_PROMPT_. Each line in the material below, starting at the one that contains "Nohreen Red Shimmer" and ending at the one that contains "News Lintas Sulawesi/Polres", should be repeated exactly; the pictures should not.

_DATA FOR PROCESSING_.
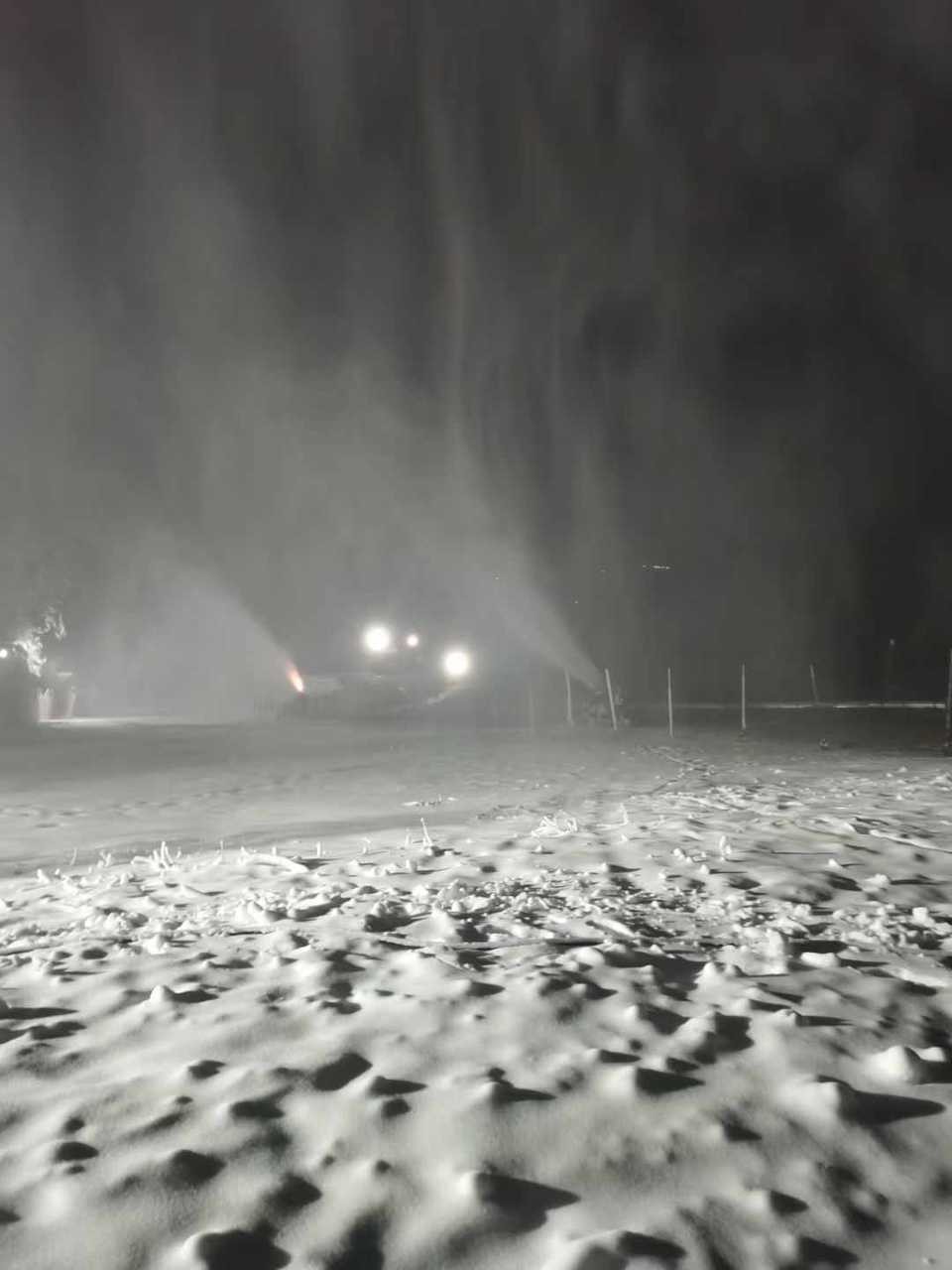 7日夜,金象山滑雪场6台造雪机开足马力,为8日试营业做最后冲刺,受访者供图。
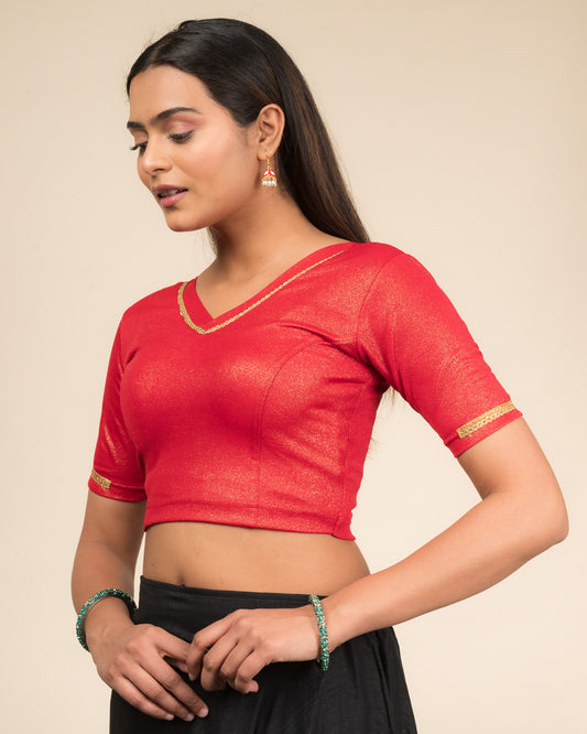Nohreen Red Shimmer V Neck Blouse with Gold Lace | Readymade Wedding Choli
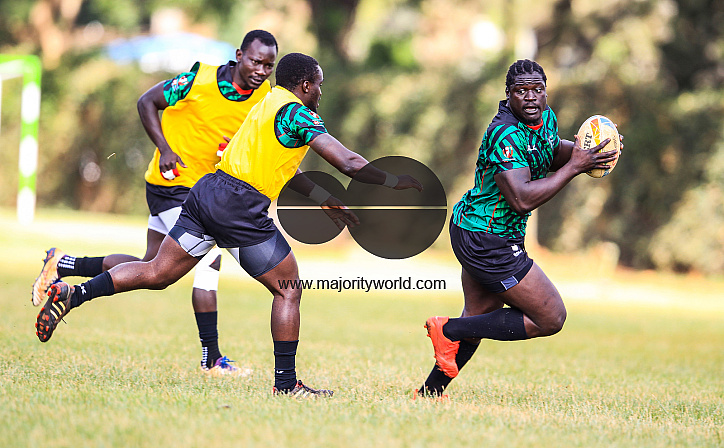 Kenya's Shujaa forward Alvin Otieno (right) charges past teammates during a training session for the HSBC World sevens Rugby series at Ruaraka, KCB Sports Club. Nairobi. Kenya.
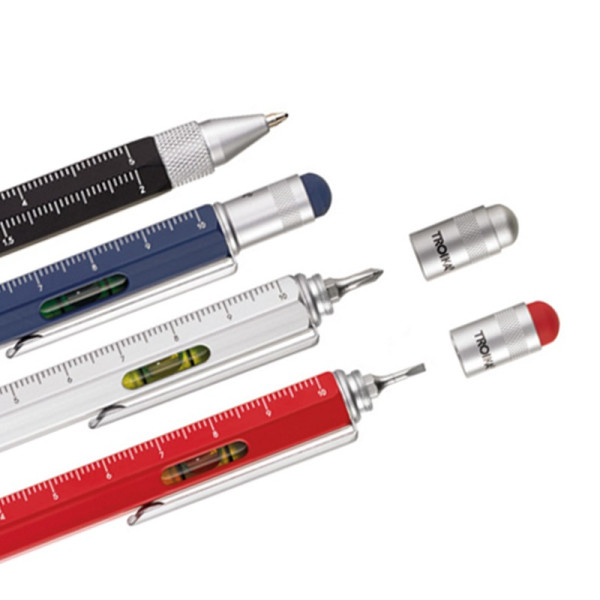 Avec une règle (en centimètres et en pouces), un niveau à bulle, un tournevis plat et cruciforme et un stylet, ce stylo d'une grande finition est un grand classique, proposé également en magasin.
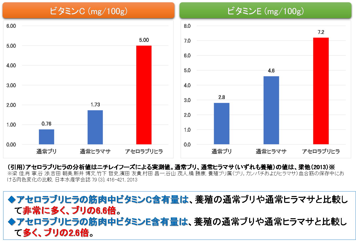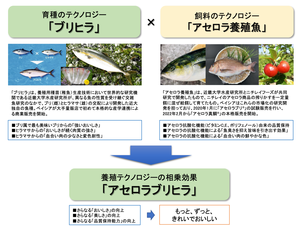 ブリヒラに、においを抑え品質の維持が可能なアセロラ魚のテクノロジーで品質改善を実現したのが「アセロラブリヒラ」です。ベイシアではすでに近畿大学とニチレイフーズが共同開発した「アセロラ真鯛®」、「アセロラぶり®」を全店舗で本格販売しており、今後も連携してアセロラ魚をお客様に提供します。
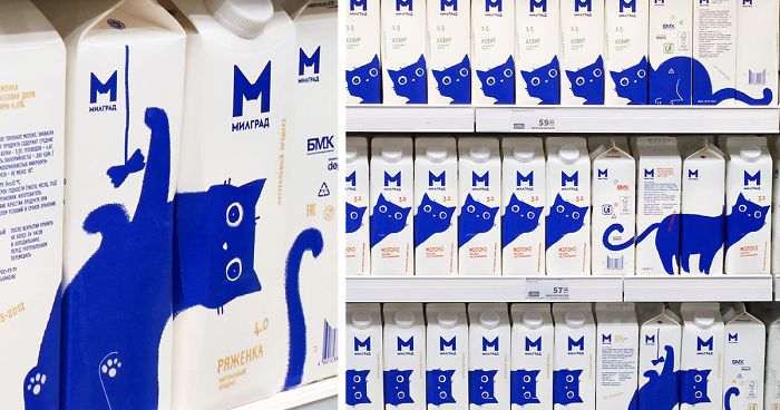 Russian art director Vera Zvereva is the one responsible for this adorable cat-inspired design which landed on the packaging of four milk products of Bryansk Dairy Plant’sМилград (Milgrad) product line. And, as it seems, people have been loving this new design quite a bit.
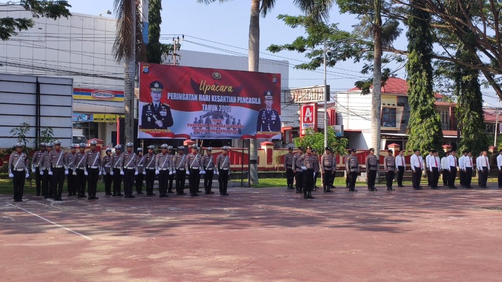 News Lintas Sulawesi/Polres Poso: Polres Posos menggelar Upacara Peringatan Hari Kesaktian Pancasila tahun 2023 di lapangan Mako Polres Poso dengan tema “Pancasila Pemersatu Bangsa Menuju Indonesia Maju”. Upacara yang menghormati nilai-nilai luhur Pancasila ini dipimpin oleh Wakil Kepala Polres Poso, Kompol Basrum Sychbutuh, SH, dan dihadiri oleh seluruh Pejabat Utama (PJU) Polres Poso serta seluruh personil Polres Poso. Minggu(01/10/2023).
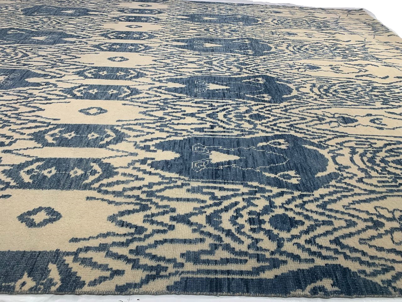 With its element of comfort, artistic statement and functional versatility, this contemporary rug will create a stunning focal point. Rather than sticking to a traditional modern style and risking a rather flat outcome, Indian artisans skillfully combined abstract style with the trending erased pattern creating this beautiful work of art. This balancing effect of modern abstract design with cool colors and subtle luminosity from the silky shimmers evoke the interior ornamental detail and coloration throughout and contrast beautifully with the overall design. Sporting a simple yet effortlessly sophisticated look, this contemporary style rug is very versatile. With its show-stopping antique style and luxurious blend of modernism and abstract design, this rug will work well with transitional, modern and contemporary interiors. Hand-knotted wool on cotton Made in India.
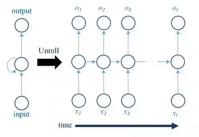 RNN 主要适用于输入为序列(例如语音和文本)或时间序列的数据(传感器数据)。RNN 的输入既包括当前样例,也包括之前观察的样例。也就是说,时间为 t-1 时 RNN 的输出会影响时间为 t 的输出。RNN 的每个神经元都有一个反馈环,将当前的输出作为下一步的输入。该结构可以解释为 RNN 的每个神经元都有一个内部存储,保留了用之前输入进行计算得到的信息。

_WRITTEN REPLY_.
Nohreen Red Shimmer V Neck Blouse with Gold Lace | Readymade Wedding Choli
 Kenya's Shujaa forward Alvin Otieno (right) charges past teammates during a training session for the HSBC World sevens Rugby series at Ruaraka, KCB Sports Club. Nairobi. Kenya.
 Avec une règle (en centimètres et en pouces), un niveau à bulle, un tournevis plat et cruciforme et un stylet, ce stylo d'une grande finition est un grand classique, proposé également en magasin.
 ブリヒラに、においを抑え品質の維持が可能なアセロラ魚のテクノロジーで品質改善を実現したのが「アセロラブリヒラ」です。ベイシアではすでに近畿大学とニチレイフーズが共同開発した「アセロラ真鯛®」、「アセロラぶり®」を全店舗で本格販売しており、今後も連携してアセロラ魚をお客様に提供します。
 Russian art director Vera Zvereva is the one responsible for this adorable cat-inspired design which landed on the packaging of four milk products of Bryansk Dairy Plant’sМилград (Milgrad) product line. And, as it seems, people have been loving this new design quite a bit.
 News Lintas Sulawesi/Polres Poso: Polres Posos menggelar Upacara Peringatan Hari Kesaktian Pancasila tahun 2023 di lapangan Mako Polres Poso dengan tema “Pancasila Pemersatu Bangsa Menuju Indonesia Maju”. Upacara yang menghormati nilai-nilai luhur Pancasila ini dipimpin oleh Wakil Kepala Polres Poso, Kompol Basrum Sychbutuh, SH, dan dihadiri oleh seluruh Pejabat Utama (PJU) Polres Poso serta seluruh personil Polres Poso. Minggu(01/10/2023).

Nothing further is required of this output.